Slovak financial group Penta announced on March 31 that it plans to tender for the remaining shares in Czech-based betting firm Fortuna, and then delist the company.
Penta, which holds 68.25% in Fortuna via Cypriot holding Forbet, said it hopes to push “intensive development” of the company, “particularly in the markets of Central and Southeastern Europe”. These “ambitious plans” will affect Fortuna’s ability to pay dividends, and full private ownership will “mean faster development without complications”, Penta claims.
Fortuna recently bought betting firm assets in Romania, Croatia and Spain in what was a major transaction. The deal was equivalent to around half of its capitalisation.
The move to increase ownership to 100% of the shares is being made in support of Fortuna’s strategy to become a leading multi-product and multi-channel operator in these markets. Fortuna “operates in sectors in which Penta has decided to be a long-term strategic investor, without a planned exit date”, the statement continues.

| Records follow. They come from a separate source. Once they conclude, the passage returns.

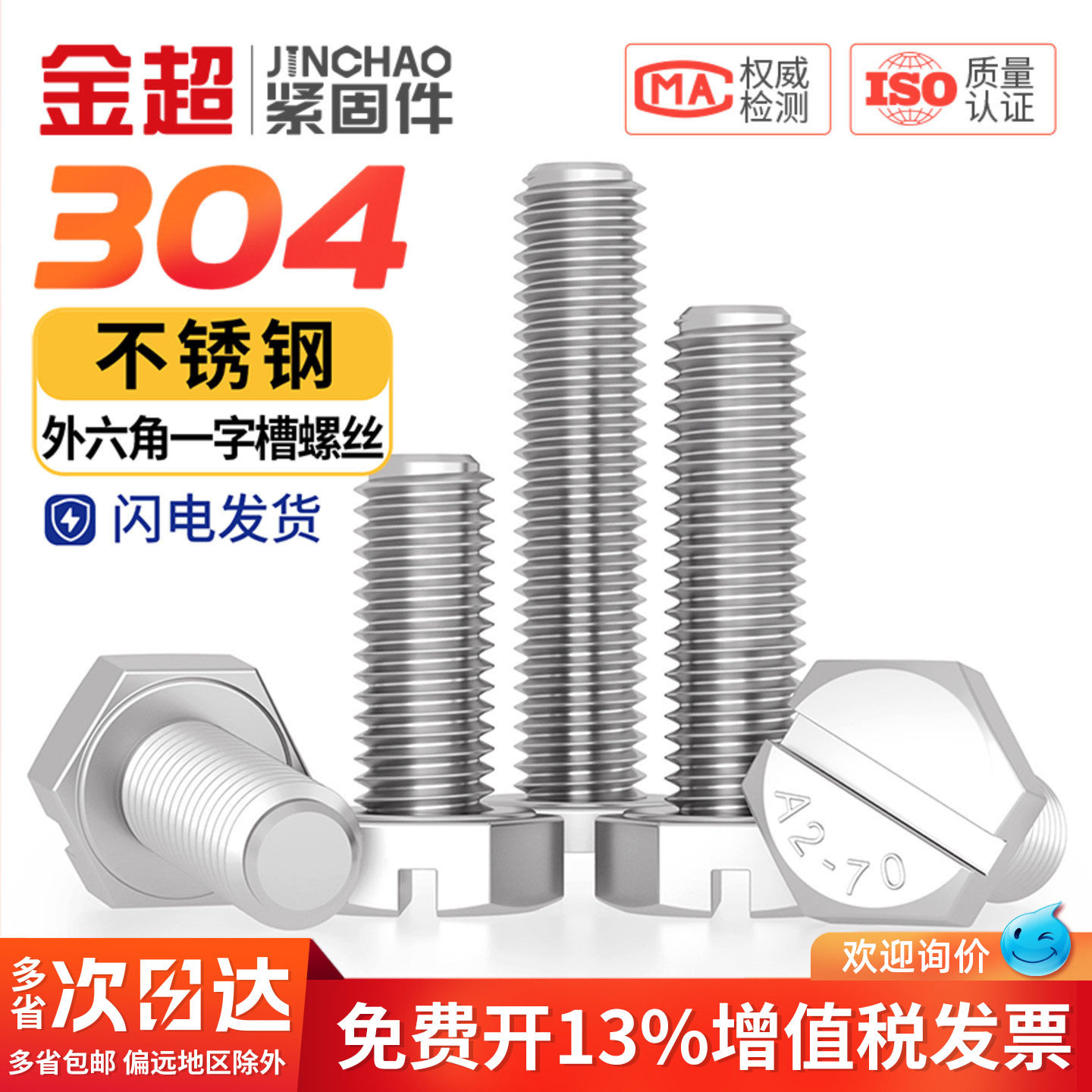 📚 金超304不锈钢开槽六角螺丝 M4M5M6M8M10 一字外六角头螺钉GB29.1
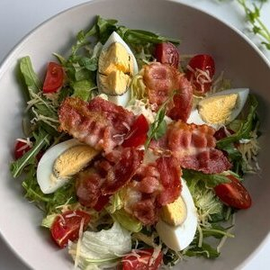 Заказать Салат айсберг, руккола, пармезан, яйцо, черри, гренки, соус цезарь, бекон.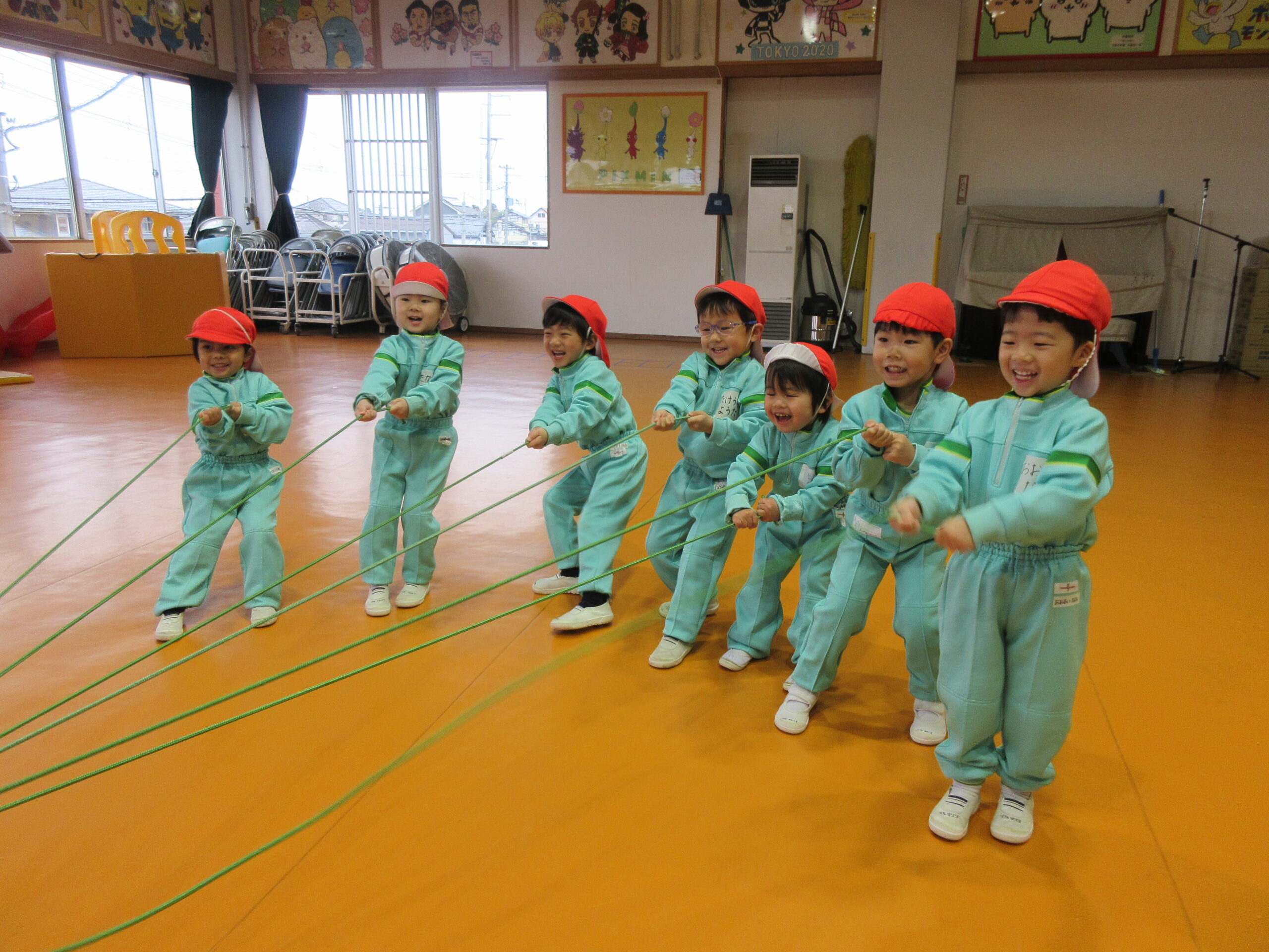 今年度最後の体育!力を合わせて縄引き対決をしました。1年で団結力を深めたいちごさん♡頑張ったよ☺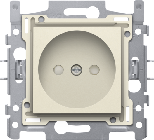 Stopcontact zonder aarding met beschermingsafsluiters, inbouwdiepte 21 mm, sokkel met schroefklemmen en afwerkingsset, klauwbevestiging, cream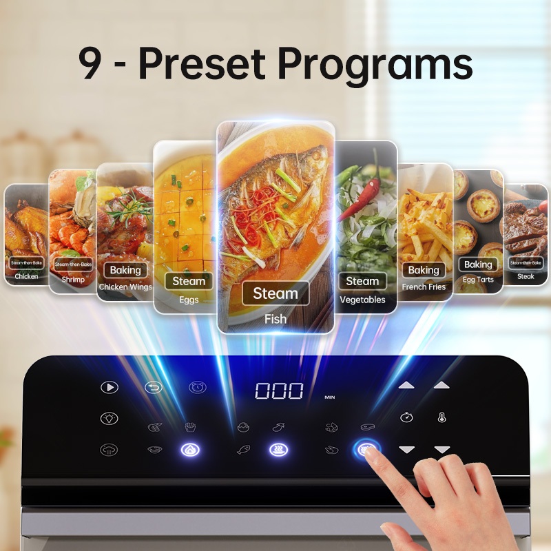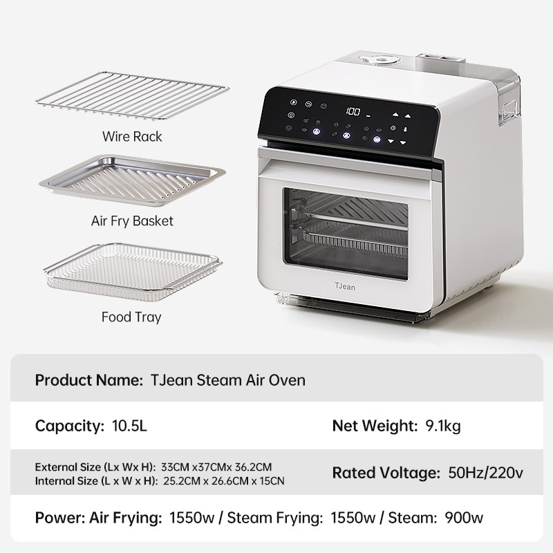 TJean 1550W Multifunctional Smart Household Visual Steam Oven Air Fryer Oven Toaster Steamed Rice&Fish Appointment Timing Heating Food 10.5L(ST101)

That may be a hint that Fortuna is not included in a deal that will reportedly see Penta sell the majority of its assets to China’s CEFC. The “energy and banking conglomerate,” which bought a bevvy of assets in the Czech Republic and around the region in 2015, is well advanced in a buyout of the closely-held Slovak group, although progress seems to have stalled for the meantime, according to sources.
After obtaining necessary approvals, Penta will launch a tender for outstanding shares on April 21. The offer will stand until June 20. Penta will then move to delist Fortuna from the Prague and Warsaw Stock Exchanges.
Fortbet wants to buy 410,197 shares, or 0.79% of Fortuna’s capital in Poland, and 16.5m Czech shares - the current 31.8% free float - at a proposed price of PLN15.43 per share or around CZK100.
That has analysts at KBC dubious. The price is “some 8-9% discount to the current share price,” they note. “As a consequence, the bid is not likely to be successful.”